El reto de la firma es mantener su nivel de éxito e innovación sin el hombre que la encumbró

La dimisión de Steve Jobs como consejero delegado de Apple no es una sorpresa, pero el paso atrás del hombre al que la compañía le debe gran parte de su extraordinario éxito es un motivo de inquietud para los inversores. También lo es para los millones de personas en todo el mundo que aprecian el espíritu innovador de todos sus productos y, sobre todo, su capacidad para revolucionar los usos tecnológicos. La deteriorada salud de Jobs, que sufre un cáncer de páncreas y tuvo que someterse a un trasplante de hígado, le impide mantenerse al pie del cañón de la compañía justo cuando esta se sitúa en lo más alto, disputándole a ExxonMobil su primer puesto como la compañía con mayor capitalización bursátil del mundo.

Algunos analistas reclaman a la empresa desde hace tiempo que desvele sus planes de futuro para minimizar los daños que el abandono de Jobs de sus tareas ejecutivas (probablemente se convierta en presidente) pueda acarrearle. Sus recientes bajas por enfermedad no han supuesto coste alguno para la compañía, pero es indudable que su retirada definitiva la coloca en un escenario bien distinto que va a obligar a su sucesor, el hasta ahora número dos Tim Cook, a sopesar muy detenidamente sus decisiones para mantenerse en lo más alto.
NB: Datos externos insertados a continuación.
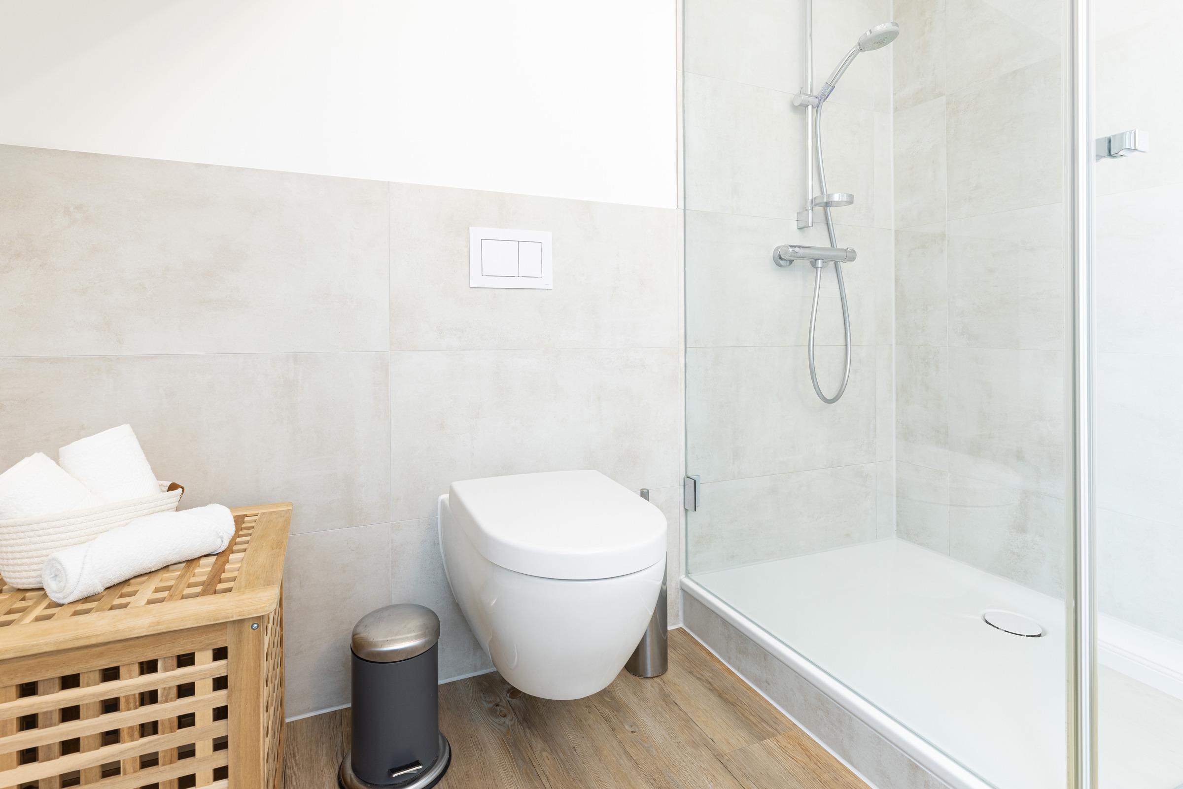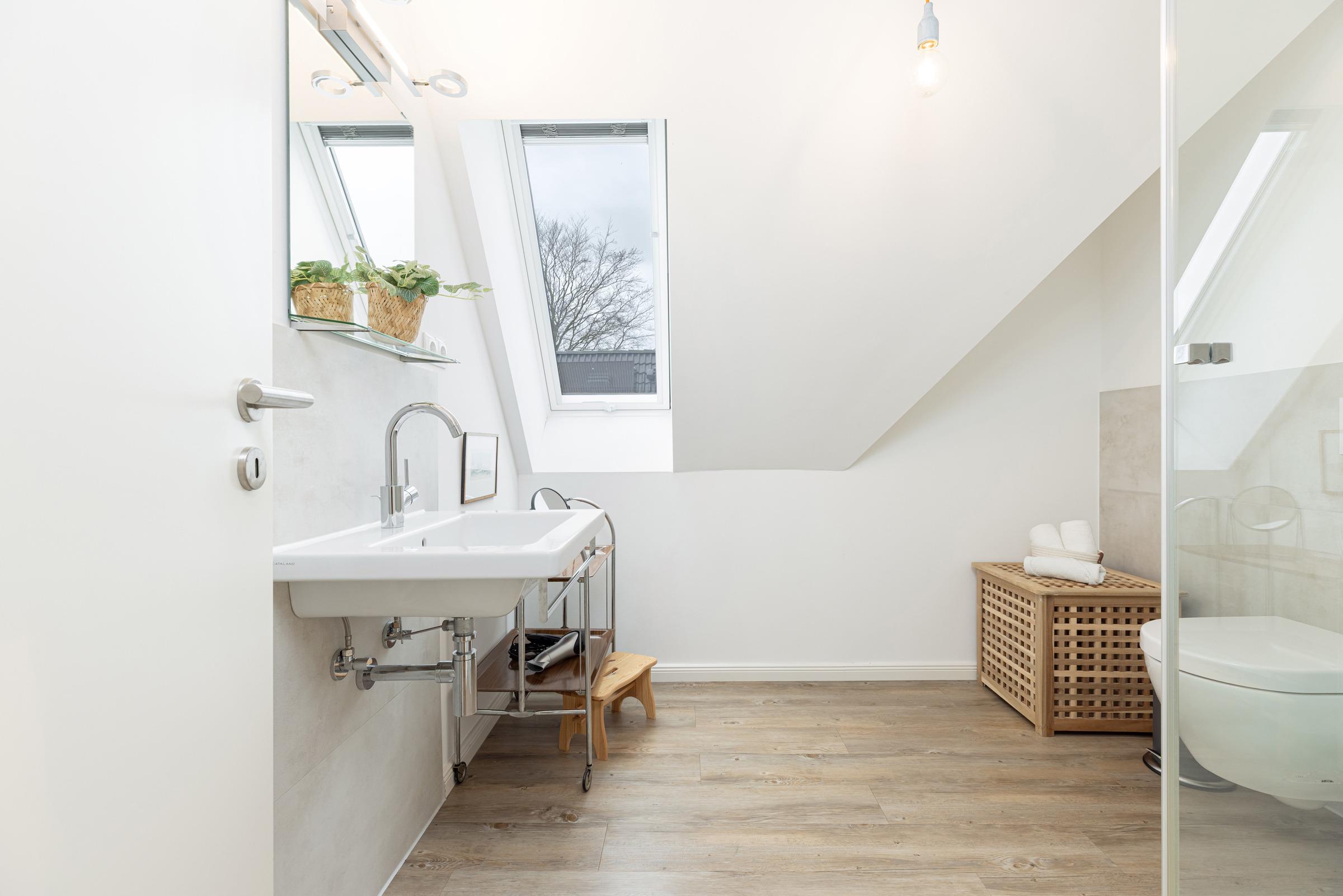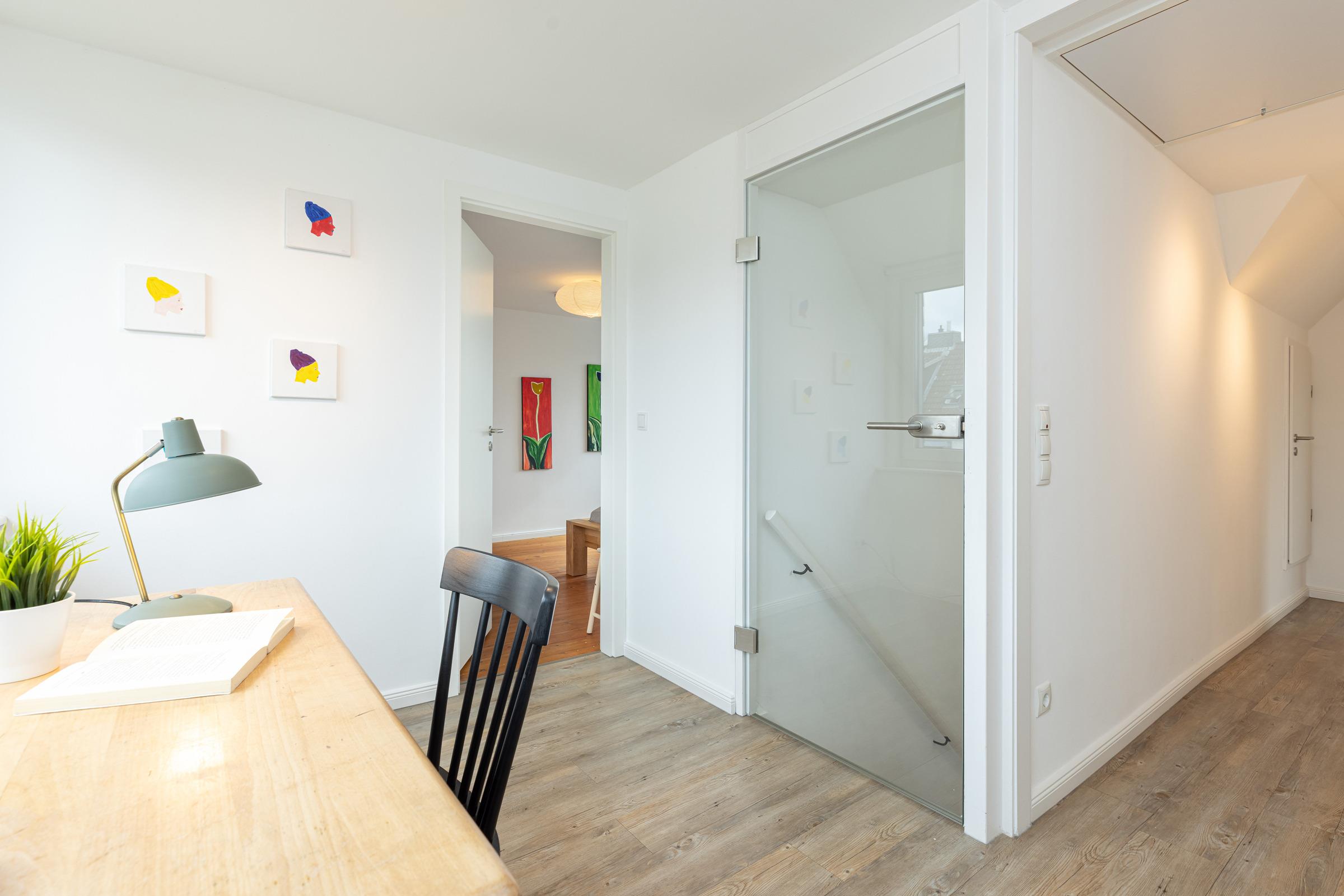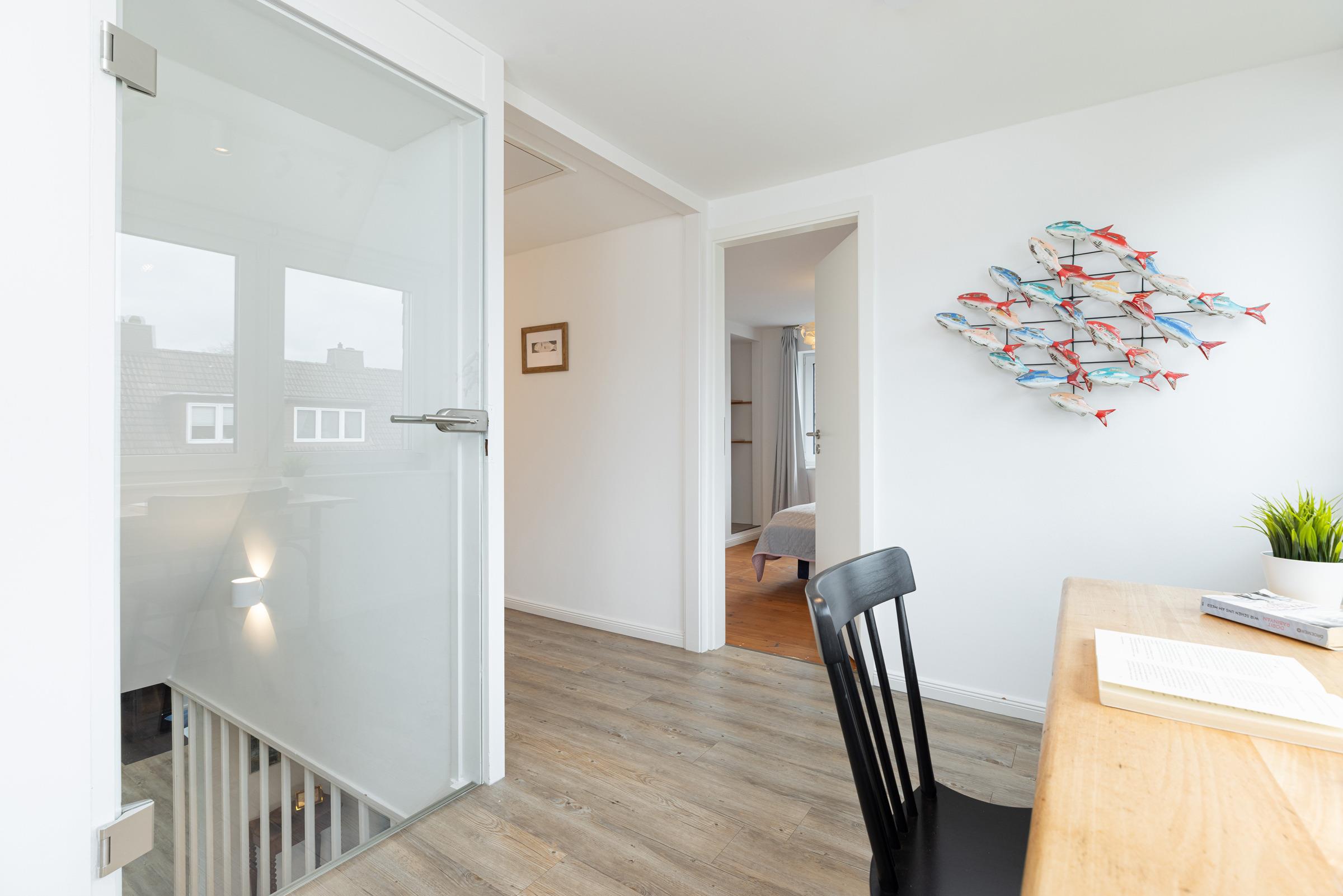In der ersten Etage sind zwei separate Schlafzimmer. Ein Schlafzimmer mit Doppelbett (160x200 cm) sowie ein weiteres Schlafzimmer mit einer Schlafcouch (160x200 cm) und einem Einbauschrank. Sie haben die Wahl, auf beiden Etagen befindet sich ein modernes Duschbad mit Tageslicht. Ein Arbeitsplatz mit Internetanschluss ist in der Gaube des geräumigen Flurs im Obergeschoss gegeben.

El éxito de Cook en tan delicada tarea no es solo crucial para los inversores. La importancia de Apple reside en su capacidad de hacer dinero (su valor en Bolsa se sitúa en los 330.000 millones de dólares), pero, sobre todo, en sus innovadores métodos de comercialización y producción. En 35 años de existencia, esta joya de Silicon Valley ha logrado dar el salto desde sus ordenadores minoritarios pero de culto a generar dispositivos y programas informáticos de consumo masivo, que han revolucionado el mundo de la música, la telefonía y el uso de Internet. Diseños y prestaciones simples pero rompedores han sido las claves del éxito de Apple, tras las cuales se encuentra una sólida pero atrevida apuesta por la innovación que ha dejado atrás a sus más directos rivales de cualquier lugar del mundo.

Apple lleva una década marcando el paso a sus competidores y que sus recetas permanezcan sin el mago Jobs sería la mejor de sus conquistas; una lección para la iniciativa pública y privada que sigue sin entender la importancia de la innovación en este mundo globalizado.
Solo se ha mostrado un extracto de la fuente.